L’expression de « sociologie politique du droit » a récemment fait son apparition dans
le langage scientifique. En 1994, Jacques Commaille publiait « L’esprit sociologique des lois.
Essai de sociologie politique du droit », ouvrage dans lequel il développait une analyse
originale de l’évolution de la législation française du droit de la famille 1. Une recherche
comparative menée dans plusieurs pays s’est développée sur cette base, aboutissant à la
publication d’une étude consacrée à la « Politique des lois en Europe » 2. A Bruxelles, en
1995, les Facultés universitaires Saint-Louis ont créé un « Centre de sociologie politique du
droit », dénomination inédite à notre connaissance.
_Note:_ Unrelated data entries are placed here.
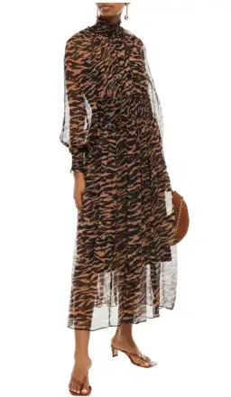 Zimmermann Wavelength Shirred Midi Dress Animal Print Size 0/AU 8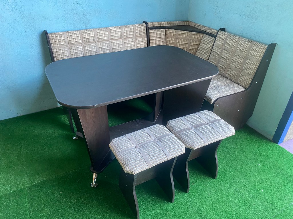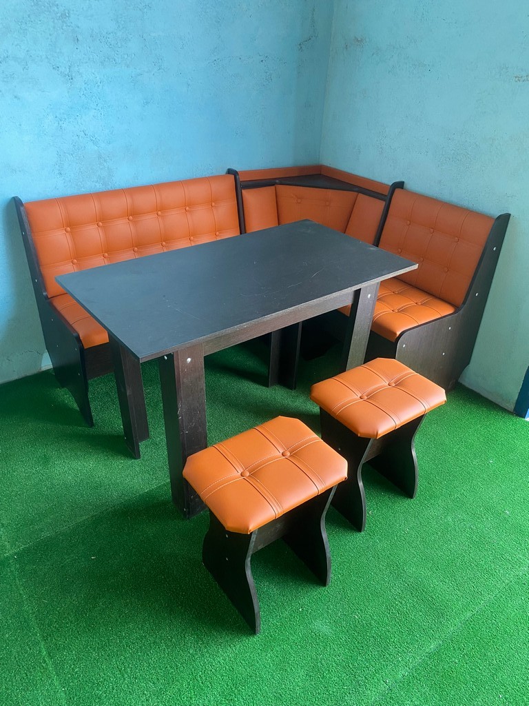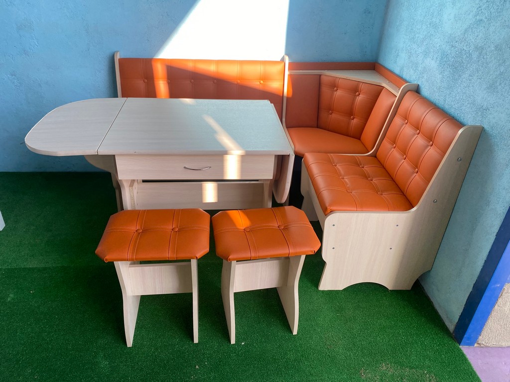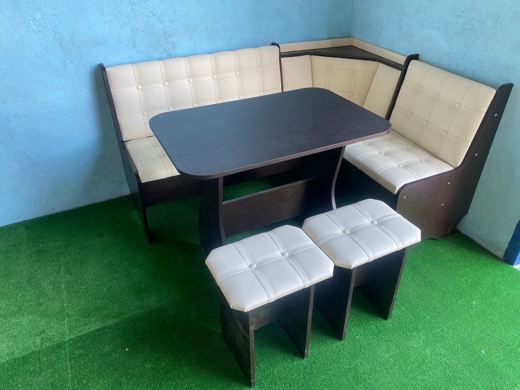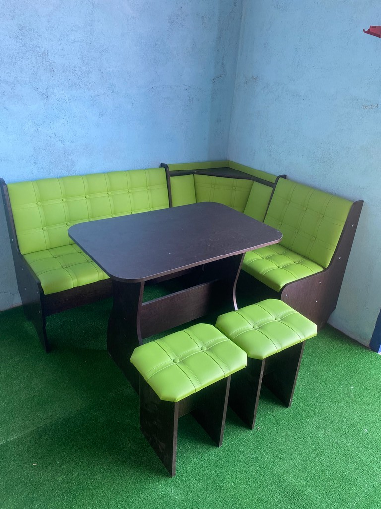 В набор входит угловая скамья, стол и два табурета. Множество вариантов цветов.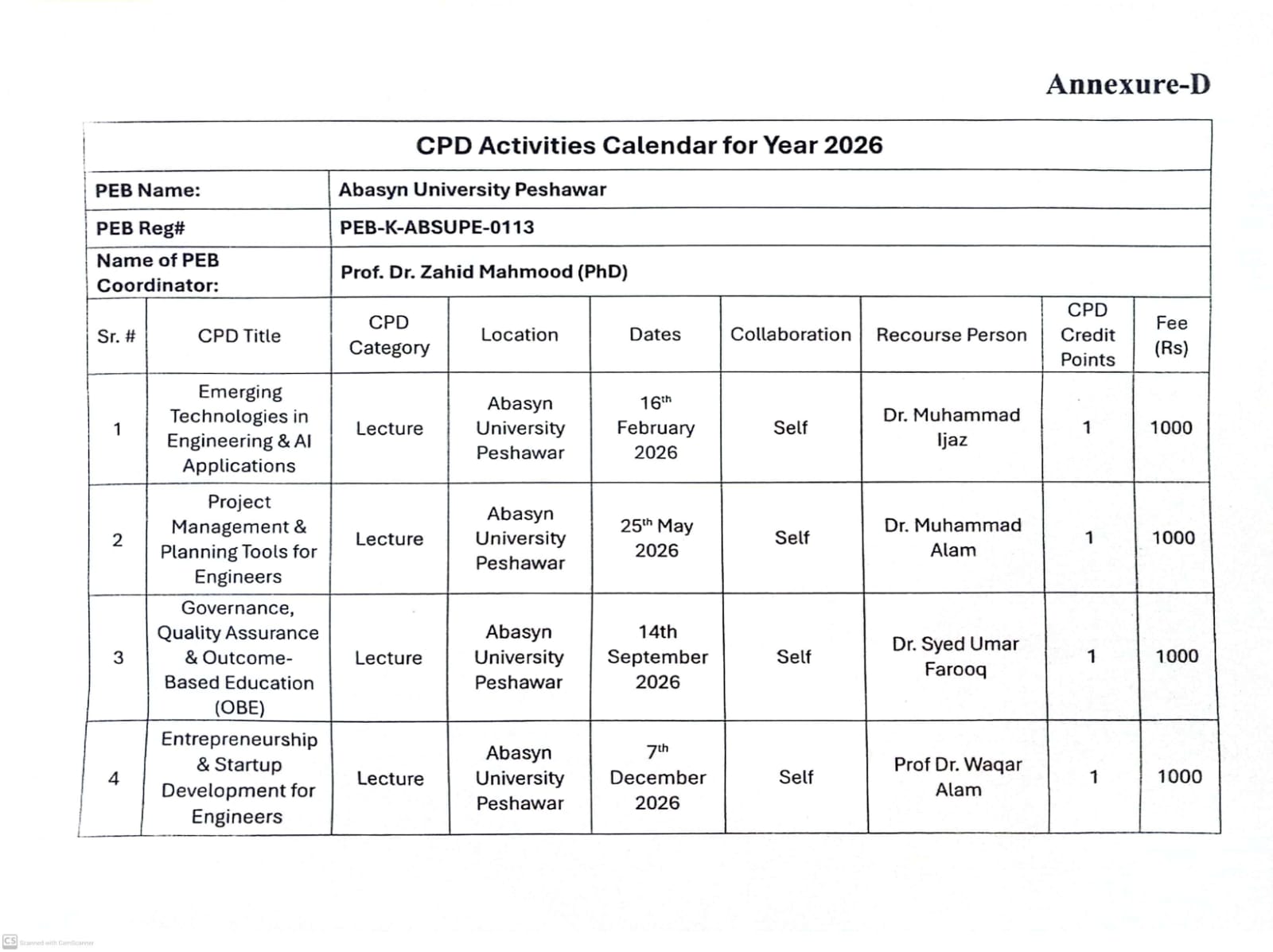 | Design Management and Development Consultancy, Peshawar Reg no: PEB-K-DMDPSH-0124 Coordinator Name: Engr Fawad Khattak Engr Imtiaz Khan | |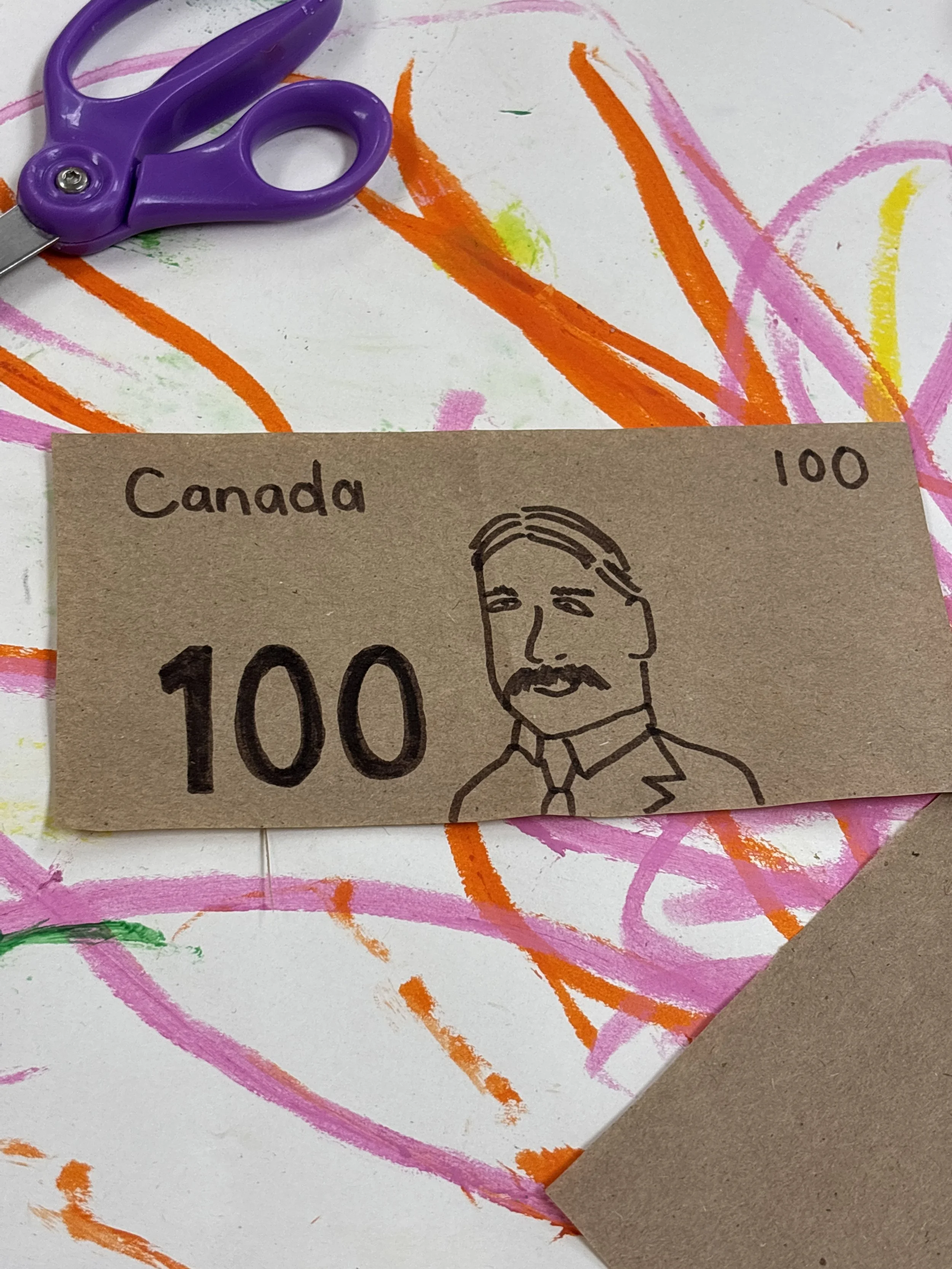 I Google search an image and show the kids a brown bill. I choose a piece of brown paper and cut out my bill. “Hhhhmm, I wonder who this guy is?” The kids come over to take a look at him. “Look it up!” they say. “Ahh, his name is Robert. Robert Borden. Do you know how we have a prime minister in Canada? Someone who helps take care of the country? Well Robert Borden wasn’t the first prime minister. He wasn’t the second. He was the 8th!” I begin drawing his face, talking aloud about my process as I go. “Hhhmmm, some of his hair goes this way, the rest goes like this. He has eyebrows above his eyes… a moustache under his nose…” Before I know I’m surrounded by little people with their own brown pieces of paper, drawing Robert Borden along with me.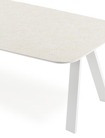 De Cesano tafel onderscheidt zich door zijn stijlvolle onderstel met omgekeerde V-poten, wat een eigentijdse en elegante uitstraling geeft. Met zijn tijdloze charme voegt de Cesano tafel een vleugje moderne klasse toe aan elk interieur.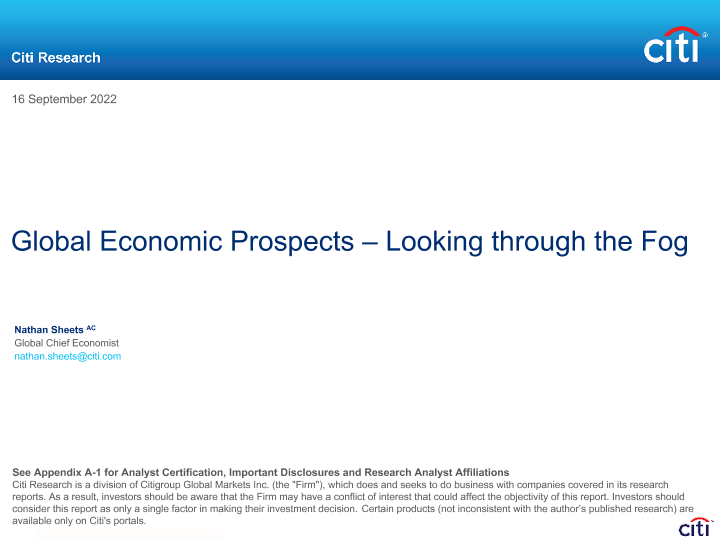 【Citigroup Global Markets Inc.】【20220916】Global Economic Prospects – Looking through the Fog-17页

Cet intérêt pour la politique n’est pas, en soi, fondamentalement nouveau en sociologie
du droit. Dans son ouvrage de référence, Renato Treves introduit un chapitre consacré à
l’ « apport des théories politiques » en relevant « le lien indissoluble qui unit la sociologie et
la politique » 3, et en citant un autre auteur italien pour qui « les rapports avec la sociologie
politique […] constituent l’un des points de passage obligés pour une sociologie du droit qui
voudrait vraiment remplir une fonction critique à l’égard de la culture juridique
traditionnelle » 4. Dans une autre perspective, et même si l’auteur est généralement soucieux
de séparer politique et droit, Jean Carbonnier évoque la sociologie politique comme une
« science dont les recherches peuvent se recouper avec la sociologie du droit » 5.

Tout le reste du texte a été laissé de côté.